Source data
◇ ◇ ◇ ◇

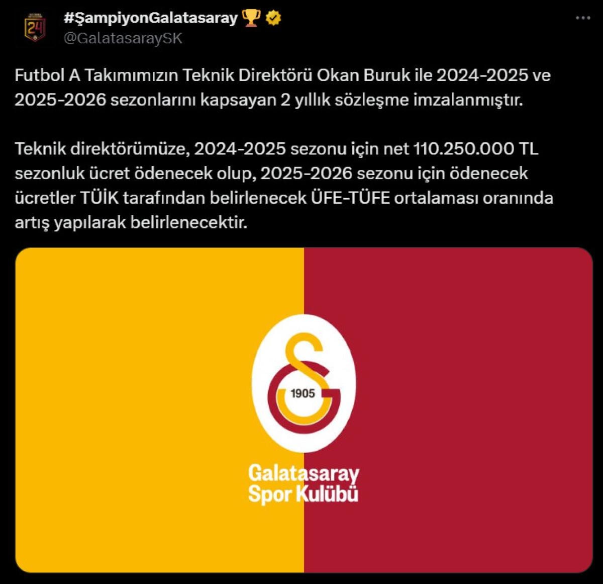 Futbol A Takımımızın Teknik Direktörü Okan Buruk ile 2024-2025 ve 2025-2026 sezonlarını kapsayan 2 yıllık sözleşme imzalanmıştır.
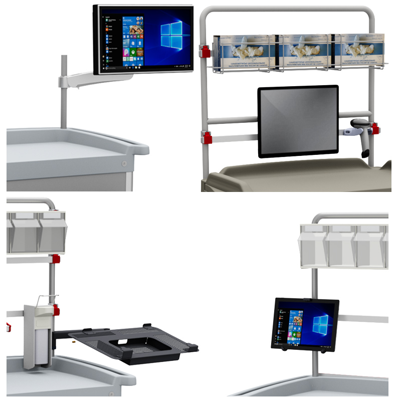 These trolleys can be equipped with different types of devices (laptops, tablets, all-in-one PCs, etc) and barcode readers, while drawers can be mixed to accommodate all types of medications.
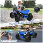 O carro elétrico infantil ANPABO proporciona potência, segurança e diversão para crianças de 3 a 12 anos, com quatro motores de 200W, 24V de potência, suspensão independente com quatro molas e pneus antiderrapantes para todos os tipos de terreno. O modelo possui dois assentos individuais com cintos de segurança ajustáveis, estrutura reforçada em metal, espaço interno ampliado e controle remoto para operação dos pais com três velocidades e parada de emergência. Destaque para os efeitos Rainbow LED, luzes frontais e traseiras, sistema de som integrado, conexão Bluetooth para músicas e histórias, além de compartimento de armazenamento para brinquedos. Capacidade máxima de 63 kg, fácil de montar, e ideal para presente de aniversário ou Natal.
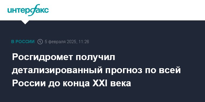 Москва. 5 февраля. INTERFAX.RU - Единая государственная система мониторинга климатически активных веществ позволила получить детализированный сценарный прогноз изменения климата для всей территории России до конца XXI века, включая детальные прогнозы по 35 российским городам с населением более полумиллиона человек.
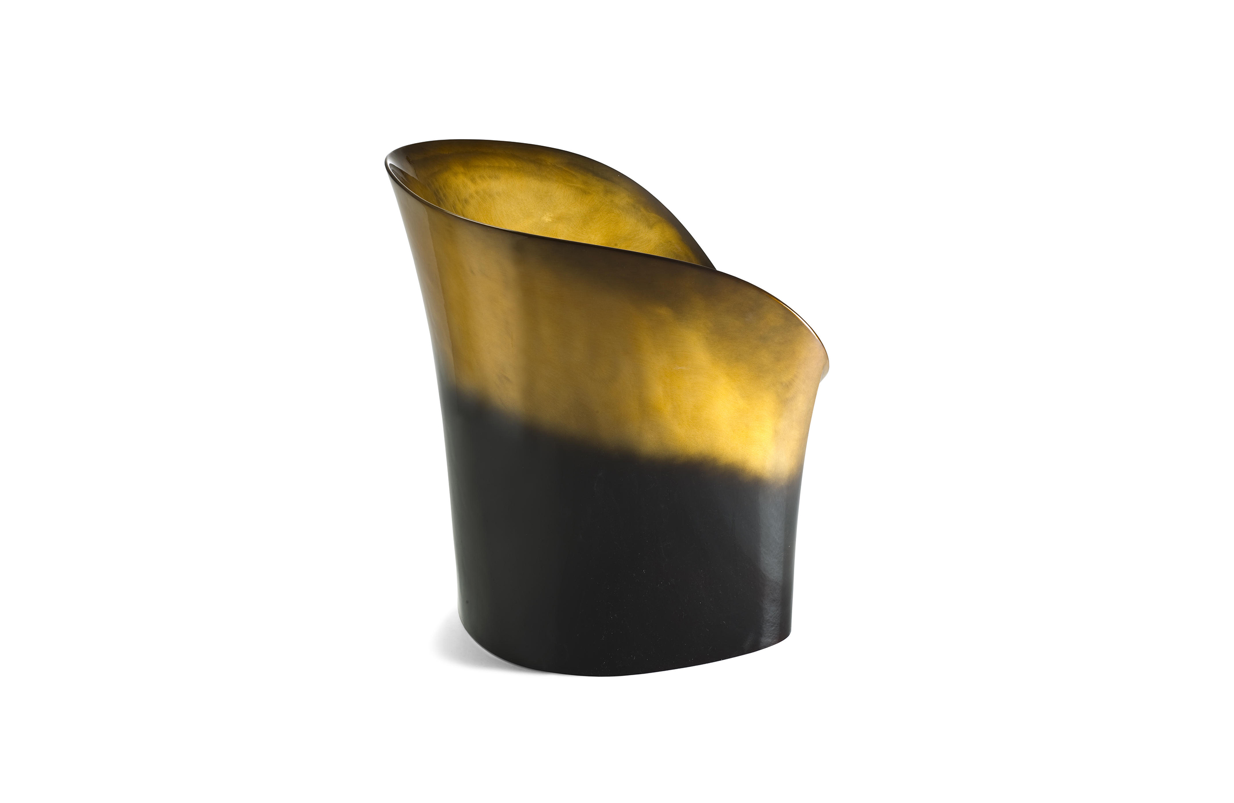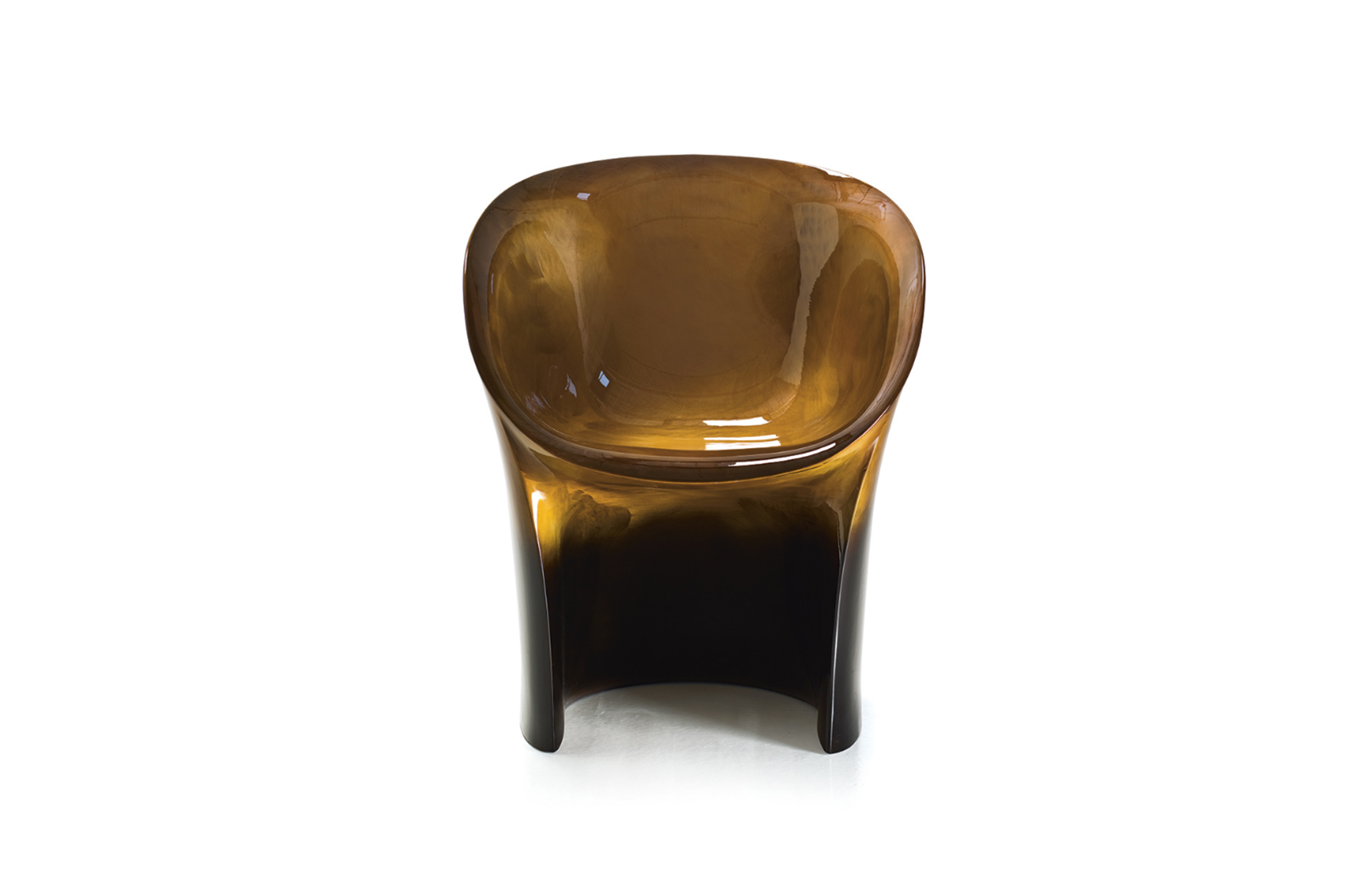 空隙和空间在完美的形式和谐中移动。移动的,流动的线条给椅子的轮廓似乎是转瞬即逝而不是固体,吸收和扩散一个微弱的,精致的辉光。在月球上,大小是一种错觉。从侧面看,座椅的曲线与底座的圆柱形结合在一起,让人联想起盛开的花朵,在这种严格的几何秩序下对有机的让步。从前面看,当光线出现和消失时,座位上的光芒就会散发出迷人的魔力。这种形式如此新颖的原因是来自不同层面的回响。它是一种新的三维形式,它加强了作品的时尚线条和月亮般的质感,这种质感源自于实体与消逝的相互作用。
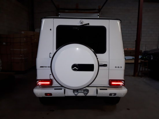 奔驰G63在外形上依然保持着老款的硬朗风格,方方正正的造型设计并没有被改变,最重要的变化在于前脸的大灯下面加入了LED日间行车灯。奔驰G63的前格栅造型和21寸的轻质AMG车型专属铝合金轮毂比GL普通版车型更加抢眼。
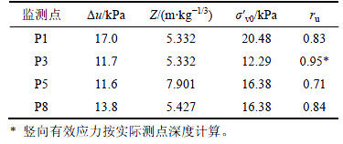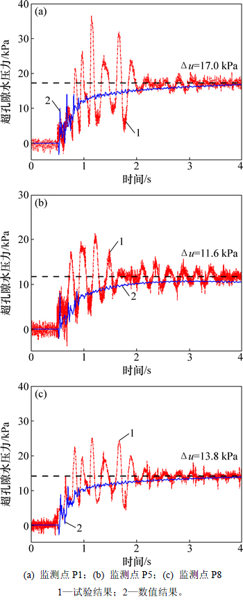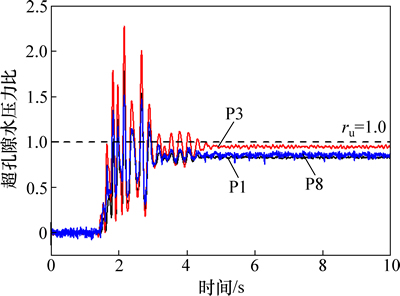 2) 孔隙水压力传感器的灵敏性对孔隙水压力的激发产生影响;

◇ ◇ ◇ ◇

Return each line of the data, keeping its wording exact and omitting pictures.

RESPONSE ▸
 Futbol A Takımımızın Teknik Direktörü Okan Buruk ile 2024-2025 ve 2025-2026 sezonlarını kapsayan 2 yıllık sözleşme imzalanmıştır.
 These trolleys can be equipped with different types of devices (laptops, tablets, all-in-one PCs, etc) and barcode readers, while drawers can be mixed to accommodate all types of medications.
 O carro elétrico infantil ANPABO proporciona potência, segurança e diversão para crianças de 3 a 12 anos, com quatro motores de 200W, 24V de potência, suspensão independente com quatro molas e pneus antiderrapantes para todos os tipos de terreno. O modelo possui dois assentos individuais com cintos de segurança ajustáveis, estrutura reforçada em metal, espaço interno ampliado e controle remoto para operação dos pais com três velocidades e parada de emergência. Destaque para os efeitos Rainbow LED, luzes frontais e traseiras, sistema de som integrado, conexão Bluetooth para músicas e histórias, além de compartimento de armazenamento para brinquedos. Capacidade máxima de 63 kg, fácil de montar, e ideal para presente de aniversário ou Natal.
 Москва. 5 февраля. INTERFAX.RU - Единая государственная система мониторинга климатически активных веществ позволила получить детализированный сценарный прогноз изменения климата для всей территории России до конца XXI века, включая детальные прогнозы по 35 российским городам с населением более полумиллиона человек.
 空隙和空间在完美的形式和谐中移动。移动的,流动的线条给椅子的轮廓似乎是转瞬即逝而不是固体,吸收和扩散一个微弱的,精致的辉光。在月球上,大小是一种错觉。从侧面看,座椅的曲线与底座的圆柱形结合在一起,让人联想起盛开的花朵,在这种严格的几何秩序下对有机的让步。从前面看,当光线出现和消失时,座位上的光芒就会散发出迷人的魔力。这种形式如此新颖的原因是来自不同层面的回响。它是一种新的三维形式,它加强了作品的时尚线条和月亮般的质感,这种质感源自于实体与消逝的相互作用。
 奔驰G63在外形上依然保持着老款的硬朗风格,方方正正的造型设计并没有被改变,最重要的变化在于前脸的大灯下面加入了LED日间行车灯。奔驰G63的前格栅造型和21寸的轻质AMG车型专属铝合金轮毂比GL普通版车型更加抢眼。
 2) 孔隙水压力传感器的灵敏性对孔隙水压力的激发产生影响;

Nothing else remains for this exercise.